Sin da piccolo aveva covato un enorme interesse per il violino, insegnatoli da
suo padre quando ancora era figlio unico, all’età di cinque anni. I piacevoli
pomeriggi, sul calar del tramonto, quando ormai i fratelli erano stanchi delle
giornate passate all’aperto a giocare e si riposavano nel salone, passati a
suonare insieme a suo padre erano i ricordi migliori della sua infanzia. Come
anche le accese e mai noiose discussioni sulla letteratura. In particolare
piaceva loro commentare le elegie di Tibullo e i carmi di Catullo, o i sonetti
amorosi di Dante. Alla Commedia avevano dedicato lunghe giornate, passate a
decidere quale peccato il sommo poeta Fiorentino era riuscito a rendere nel
miglior modo, e quale meno. L’Inferno era la loro cantica preferita. Quando
morì, però, il giovane apparentemente sembrava non aver accusato troppo
tristemente il colpo. Era pronto alla sua morte, e ormai aveva assunto quell’atteggiamento
da Pater Familias, che sempre gli era stato particolarmente congenito, e che
ora poteva esserlo a pieno diritto. Ora le serate passate a suonare si erano
ridotte notevolmente, dovendo badare a molte più problematiche, diversi
carteggi, terreni da vendere e da comprare, l’economia famigliare, la corte. A
Versailles, in particolare, era faticosa la vita per lui. Abituato a
disserzioni acculturate, doveva subire le chiacchiere futili di ragazzine, o,
peggio, di donne inutili, che lo circondavano affascinate dal suo aspetto
particolare: un fisico asciutto, ma non parvo di una certa muscolatura ben
delineata, i capelli neri corvini raccolti in una coda semi lunga, gli occhi
di un azzurro intenso, gli zigomi marcati e le labbra rosse e sottili gli
rendevano la vita difficile. Quelle donne, abituate ad altri giovinetti senza
cervello tutti presi dal porre in risalto il proprio fisico, sfociando in una
certa volgarità di espressione e portamento, erano come magicamente
catalizzate da lui, che a stento sperava di poter riprendere la strada per
casa ancora vivo, ogni volta che varcava i cancelli della splendida corte.

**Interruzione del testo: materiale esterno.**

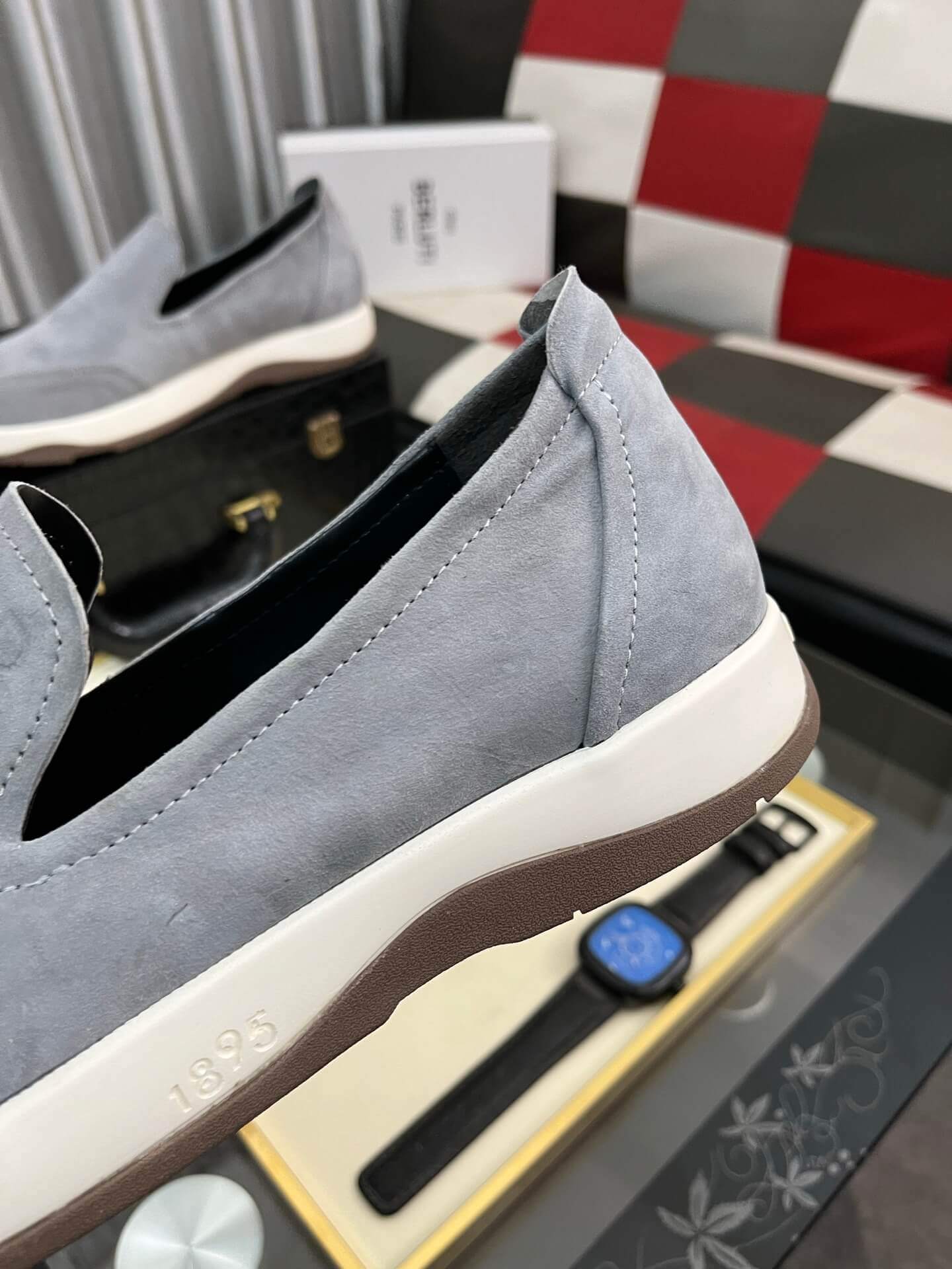 Step into a world of exquisite craftsmanship with these Berluti Echappée loafers, embodying understated luxury and casual elegance. Crafted from sumptuously soft grey suede, these slip-on shoes offer a tactile appeal that is both inviting and refined. The minimalist design is subtly enhanced by the signature Berluti debossed logo on the vamp, a testament to the brand’s meticulous attention to detail. Finished with a contrasting white and brown sole, these loafers promise exceptional comfort for your daily pursuits, whether in the bustling streets or for a relaxed, stylish gathering.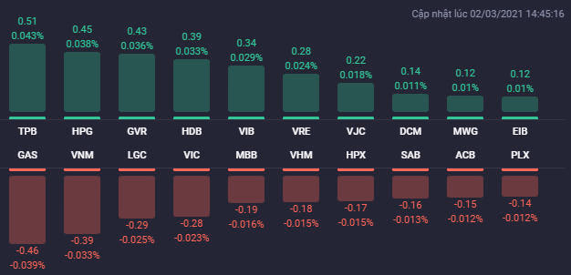 VN-Index may mắn giữ được sắc xanh vào cuối phiên khi các cổ phiếu như TPB, HDB, VIB, GVR, HPG, VJC… tăng giá rất mạnh. TPB tăng đến 6,3% lên 29.750 đồng/cp, HDB tăng 3,5% lên 26.700 đồng/cp, VIB tiếp tục tăng 2,7% lên 43.600 đồng/cp.

Fortunatamente il padre non si era mai impegnato politicamente, e, nemmeno lui
volendo farlo, quello era un problema in meno.
Quel giorno Jean-François doveva recarsi a corte non per
qualche stupido balletto, che odiava, ma per una cerimonia particolarmente
importante, la cerimonia dei “ringraziamenti” del nuovo anno che la regina e
il re erano soliti effettuare a tutte le famiglie nobili gradite. I Polignac
erano sempre stati visti bene, in quanto famiglia tranquilla e appartata, che
non aveva mai tentato di porre il becco negli affari del Re, e ciò era cosa
buona. Non ne aveva comunque voglia e quella mattina aveva pregato iddio di
mandare qualche inconveniente per evitargli la noiosa cerminoia che, per due
secondi di saluto, durava così tanto perché le famiglie nobili erano davvero
molte, e lui sarebbe satato chiamato alla lettera P. Scosse pesantemente la
testa, ancora in preda di una certa sonnolenza, quando sentì nitrire i cavalli
e la carrozza fermarsi di botto.
Due giovani litigiosi si erano trascinati fino in mezzo alla
strada ed avevano rischiato di farsi travolgere dalla carrozza, uno di essi si
era gettato a terra per evitare i cavalli, ma aveva battuto la testa ed era
svenuto, l’altro era invece fuggito a gambe levate. Una folla si era formata,
come era solito in eventi del genere succedere a Parigi, attorno al giovane.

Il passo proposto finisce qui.